Olivia Newton-John singles chronology
| "Take Me Home, Country Roads" (1973) | "Let Me Be There" (1973) | "Long Live Love" (1974) |

= Let Me Be There =

"Let Me Be There" is a popular song written by John Rostill. It was first recorded by Olivia Newton-John and released in September 1973 as the second single from her studio album of the same name. The country-influenced song was Newton-John's first Top 10 single in the US, peaking at No. 6, and also won her a Grammy Award for Best Female Country Vocalist. Mike Sammes sings a bass vocal harmony on the song.

==Chart performance==

===Weekly charts===

| Chart (1973–1974) | Peak position |
|---|---|
| Australia (Kent Music Report) | 11 |
| Canada Top Singles (RPM) | 5 |
| Canada Adult Contemporary (RPM) | 3 |
| Canada Country Tracks (RPM) | 11 |
| New Zealand (Listener) | 11 |
| US Cashbox | 4 |
| US Billboard Hot 100 | 6 |
| US Adult Contemporary (Billboard) | 3 |
| US Hot Country Songs (Billboard) | 7 |
| Quebec (ADISQ) | 19 |

| Chart (2022) | Peak position |
|---|---|
| Canada Digital Song Sales (Billboard) | 30 |
| U.S. Digital Song Sales (Billboard) | 31 |

===Year-end charts===

| Chart (1974) | Rank |
|---|---|
| Australia (Kent Music Report) | 53 |
| Canada Top Singles | 71 |
| US Cashbox | 22 |
| US Billboard Hot 100 | 26 |

==Certifications and sales==

| Region | Certification | Certified units/sales |
| Canada (Music Canada) | Platinum | 150,000^{^} |
| United States (RIAA) | Gold | 1,000,000^{^} |
^{^} Shipments figures based on certification alone.

==Cover versions==
- "Let Me Be There" was recorded live by Elvis Presley, and sung at many concerts until his death in 1977. Probably the most noted Elvis rendition was recorded on 20 March 1974 live at a concert in Memphis, Tennessee.

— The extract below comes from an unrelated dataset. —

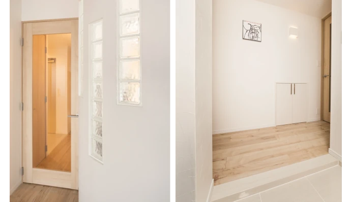 廊下とリビング・ダイニングを仕切るドアにも透明ガラスを採用。廊下・玄関までバルコニーからの明るい光が届きます。スポーツ好きなお子さまが持ち帰った用品をすぐにしまえるよう、玄関の近くに廊下収納を新設しました。
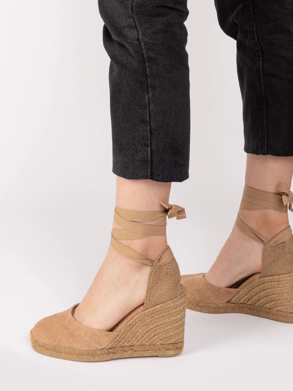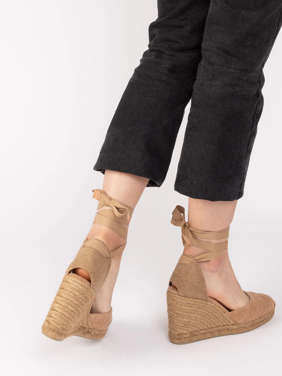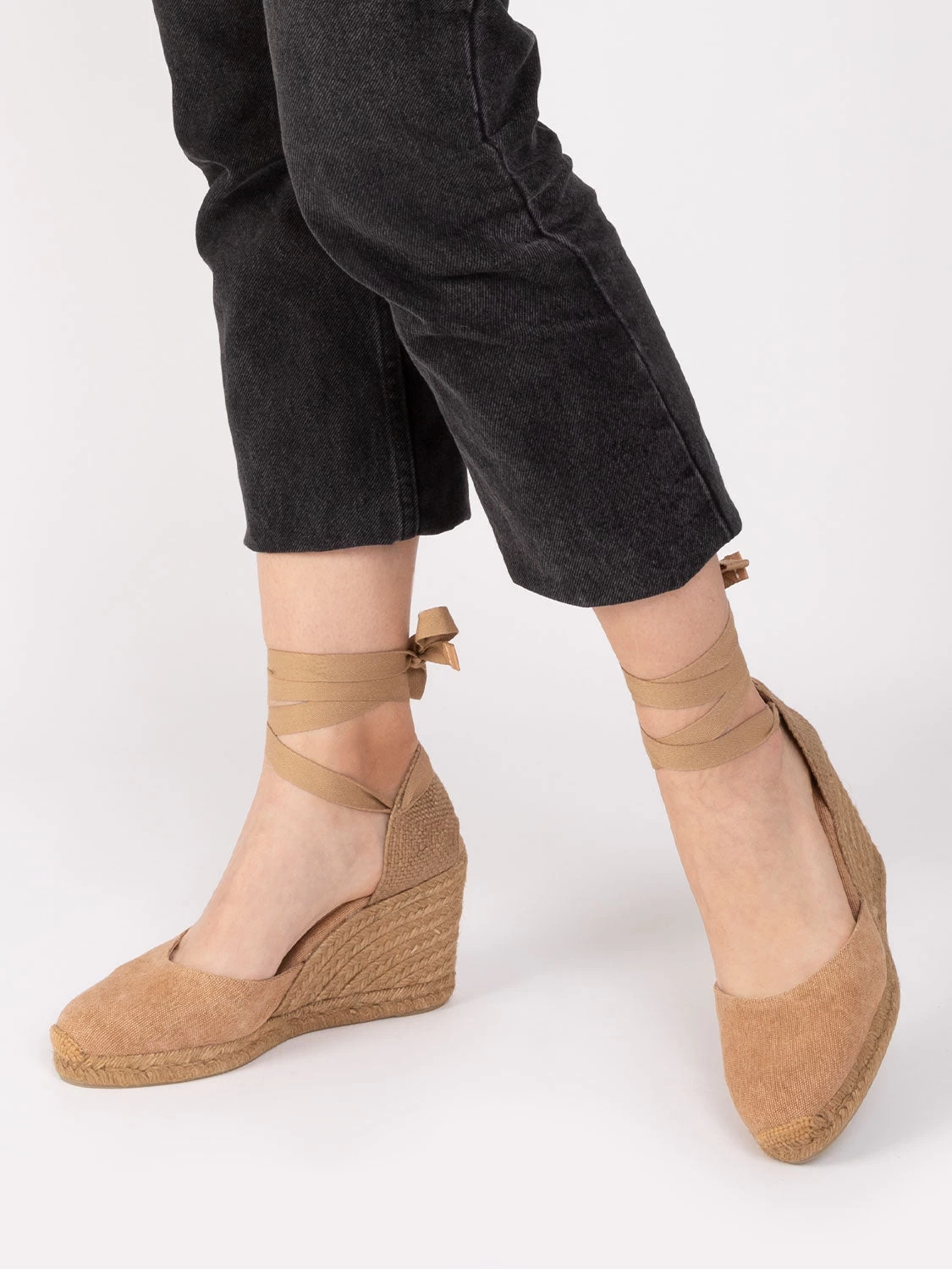 Tallone e punta chiusi con fettuccia annodabile alla caviglia.

Most of that concert was released on 7 July 1974 as the album Elvis Recorded Live on Stage in Memphis. The cover of "Let Me Be There" from that show was also released as track 5 on the Moody Blue album on 19 July 1977.
- Lynn Anderson for her 1974 album Smile for Me.
- Ike & Tina Turner for their 1974 album Sweet Rhode Island Red.
- Tanya Tucker for her gold album Would You Lay with Me (In a Field of Stone) in 1974 and included on several greatest hits compilations.
- Conway Twitty and Loretta Lynn on their 1975 LP Feelins'.
- Melinda Schneider and Beccy Cole on their album Great Women of Country (2014).
- Delta Goodrem in the mini-series Olivia Newton-John: Hopelessly Devoted to You, and the accompanying soundtrack album, I Honestly Love You where she did "Let Me Be There" with Newton-John herself.